Twelve Agora markets are structured and ready. They open simultaneously when the first public Anchor receipt is committed — when the Shirokuma Algeria Puro.earth certification fires and the oracle anchors the first confirmed prediction to Solana. Until that receipt exists, no $CRED exists. Without $CRED, market positions cannot be denominated. The gate is cryptographic.
Prior prediction markets failed on the same constraint.
Human committees are bribed at scale. Regulatory oracles are capturable. Token voting reduces to plutocracy — the richest participants determine truth regardless of the legitimacy of their position. The common failure root: the oracle has no financial stake in its own accuracy. When it resolves incorrectly, nothing happens to it.

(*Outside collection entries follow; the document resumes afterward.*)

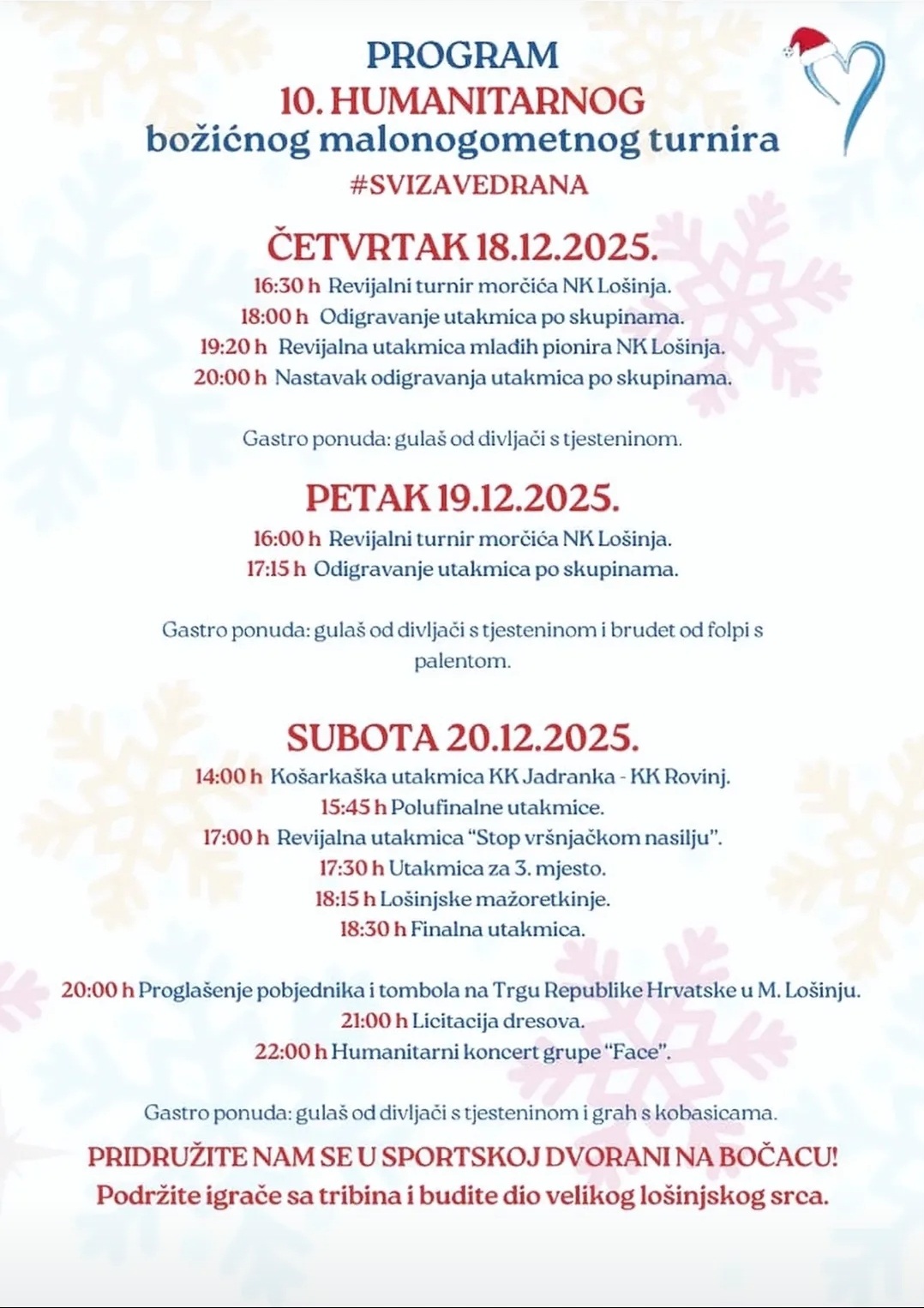 Humanitarni božićni malonogometni turnir, Mali Lošinj, Sportska dvorana Bočac
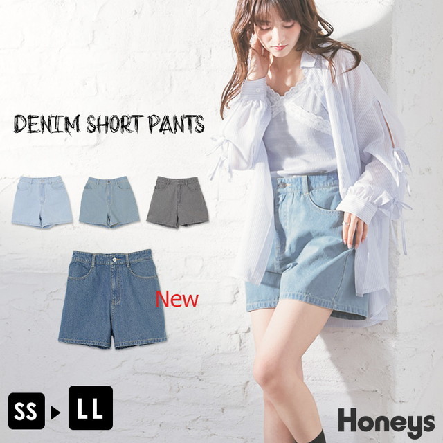 ボトムス パンツ ショートパンツ デニムパンツ レスウォーター デニム 綿100% 後ろウエストゴム レディース Honeys ハニーズ デニムショートパンツ
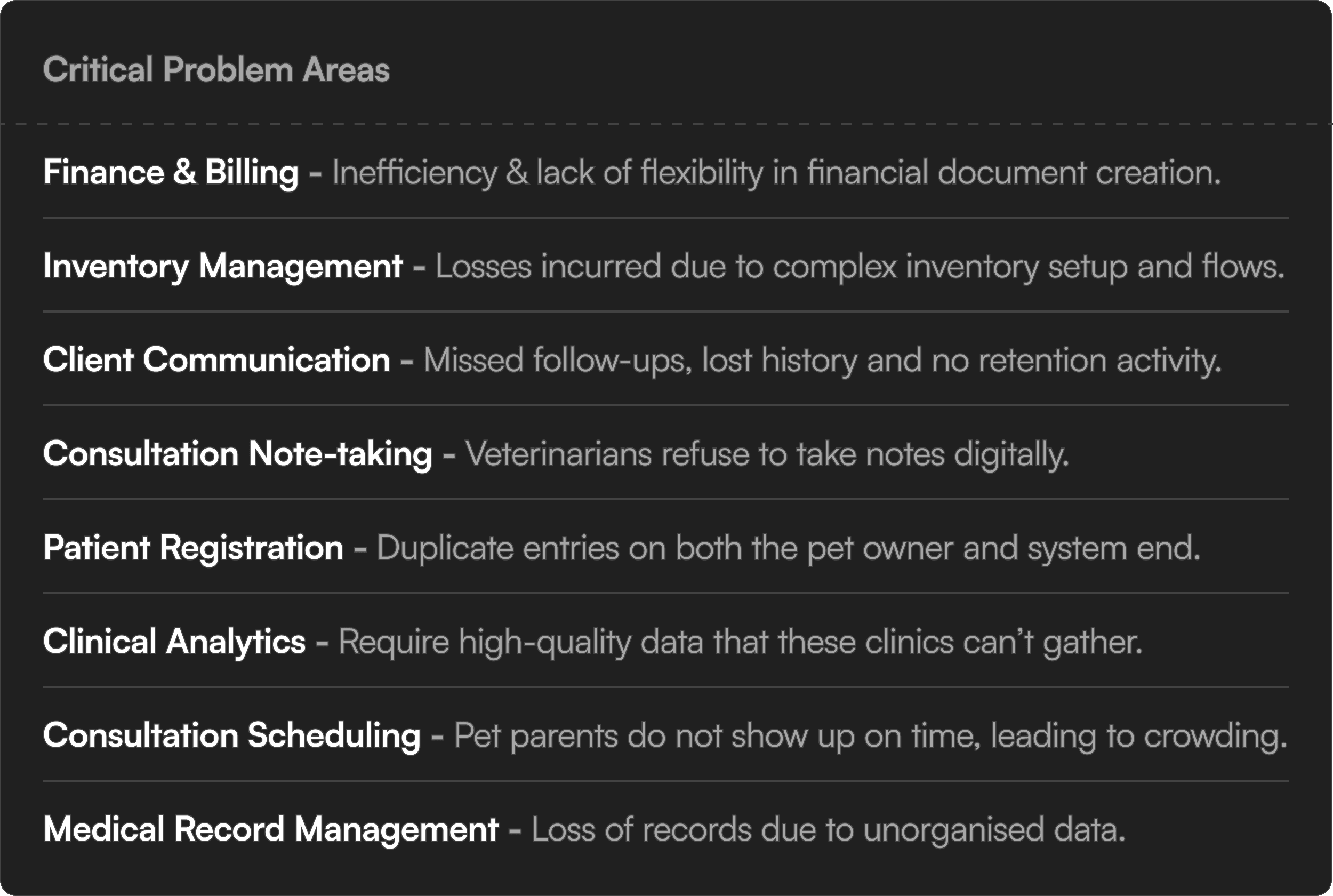This process illuminated the 8 core problem areas that veterinary clinics struggle with.
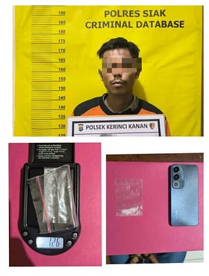 Kerinci Kanan | Riauindependen.co.id | Kepolisian Sektor (Polsek) Kerinci Kanan berhasil mengungkap kasus peredaran narkotika jenis shabu seberat 1,26 gram pada Senin malam, 17 Maret 2025. Penangkapan dilakukan di sekitar Kantor Camat Kerinci Kanan, Kecamatan Kerinci Kanan, Kabupaten Siak, setelah aparat kepolisian menerima laporan dari masyarakat terkait aktivitas transaksi narkotika di lokasi tersebut.

The PROOF oracle's $CRED credence pool burns on incorrect resolutions and mints on correct ones. Oracle operations suspend if the pool falls below minimum threshold. The oracle's economic wellbeing is a direct, automatic, inescapable function of whether it is right. The incentive to be accurate is not reputational. It is structural. The oracle cannot secretly compensate for inaccuracy. The only viable strategy is to be right.
The Anchor specification is published at github.com/PROOF-xyz/ANCHOR. Any prediction market can adopt it. As Anchor spreads, the standard for oracle accountability becomes externally defined and publicly verifiable. PROOF cannot maintain Anchor compliance while being systematically inaccurate. The open standard holds the reference implementation to its own published rules.